Ausgeführt werden diese als Spannbetonrammpfähle oder Stahlbetonrammpfähle. Anders als Stahlrohrpfähle werden bei Fertigteilrammpfählen die Pfähle direkt durch Schläge auf den Rammpfahl in den Baugrund getrieben. Dadurch entstehen erheblich stärkere Erschütterungen als beim Einbau der Stahlrohrpfähle. Durch den Einsatz von modernen Hydraulikbären konnten die Erschütterungen gegenüber dem Einbau mit Dieselbären zwar deutlich verringert werden, doch sind die dennoch starken Erschütterungen in bestimmten Situationen ein limitierender Faktor für den Einsatz der Stahlbetonrammpfähle.

Bei beiden Verfahren aus dem Grundbau wird der anstehende Boden durch den Rammpfahl verdrängt und somit nachverdichtet. Ein Nachteil der Stahlbetonrammpfähle ist die geringe Flexibilität in Bezug auf die Länge. Die Stahlbetonrammpfähle werden in der berechneten Länge gefertigt und angeliefert. Eine Reaktion auf bauseitige Abweichungen ist nicht oder nur unter großem Aufwand möglich. Stahlrohrpfähle werden nach Erreichen der erforderlichen Tiefe und Tragfähigkeit auf der benötigen Höhe gekappt.

Durch die Herstellung in einem Werk wird mit den Betonfertigteilen eine homogene Qualität erreicht. Die Schwankungen durch Fertigungsumstände können minimiert werden. Dadurch, dass Stahlrohrpfähle auf der Baustelle mit Beton verfüllt werden, können beispielsweise witterungsbedingte Qualitätsschwankungen entstehen.

Ein weiterer Unterschied ist die Lärmbelastung während des Einbringens der Pfähle. Während Stahlbetonrammpfähle vom Rammbären immer außerhalb des Erdreiches getroffen werden, fällt der Fallbär zum Einbringen des Stahlrohrpfähle innerhalb des Rohres und damit innerhalb des Erdreiches. Dadurch unterschieden sich die Lärmemissionen beider Verfahren aus dem Spezialtiefbau deutlich.

Zusammenfassung

Bauherren und Baubetriebler, die mit dem Grundbau und dem Spezialtiefbau zu tun haben, sollten sich die Möglichkeiten durch den Einsatz von Stahlrohrpfählen vor Augen halten.
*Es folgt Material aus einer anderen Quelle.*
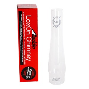 The Aladdin Lox-On Chimney is a replacement glass chimney designed specifically for various Aladdin lamp models that use the Lox-On burner system. The Lox-On chimney fits burner models 12, 21, 21c, A, B, C, 23, which were made from 1950's until the end of the 20th century. Base of chimney has small bumps that engage with tabs on burner top. Aladdin's exclusive borosilicate glass is shatter resistant and can withstand immense heat. All chimneys carefully inspected and are free of bubbles and other defects. It's the finest lamp chimney available, made from the same kind of glass they use in laboratories! 12-1/2"H, 2-5/8"OD base. How to Install: Set chimney into gallery, then twist gently to lock into place.Caution: If overtightened, chimney will break in use.
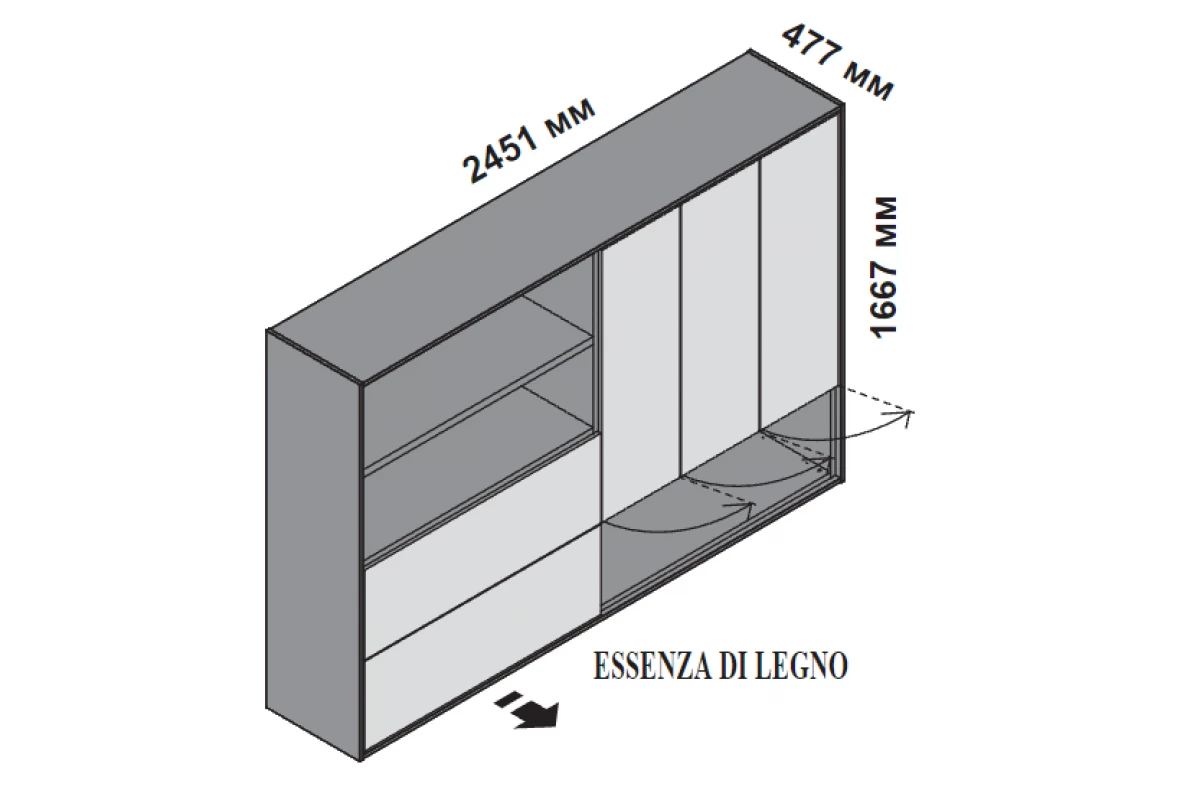 Монолитный шкаф с 3 дверцами и 2 ящиками 174325 Элит

Durch die verhältnismäßig einfache Einbautechnik werden Stahlrohrpfähle schon bei einer geringen Anzahl von Pfählen und somit bei kleineren Bauvorhaben wirtschaftlich. Durch den geringen Platzbedarf der Maschinentechnik können Stahlrohrpfähle auch unter bestehenden Bauwerken oder in unmittelbarer Nähe zu angrenzenden Gebäuden eingesetzt werden. Diese Kombination ist es, die das Verfahren anderen Disziplinen aus dem Spezialtiefbau voraus hat.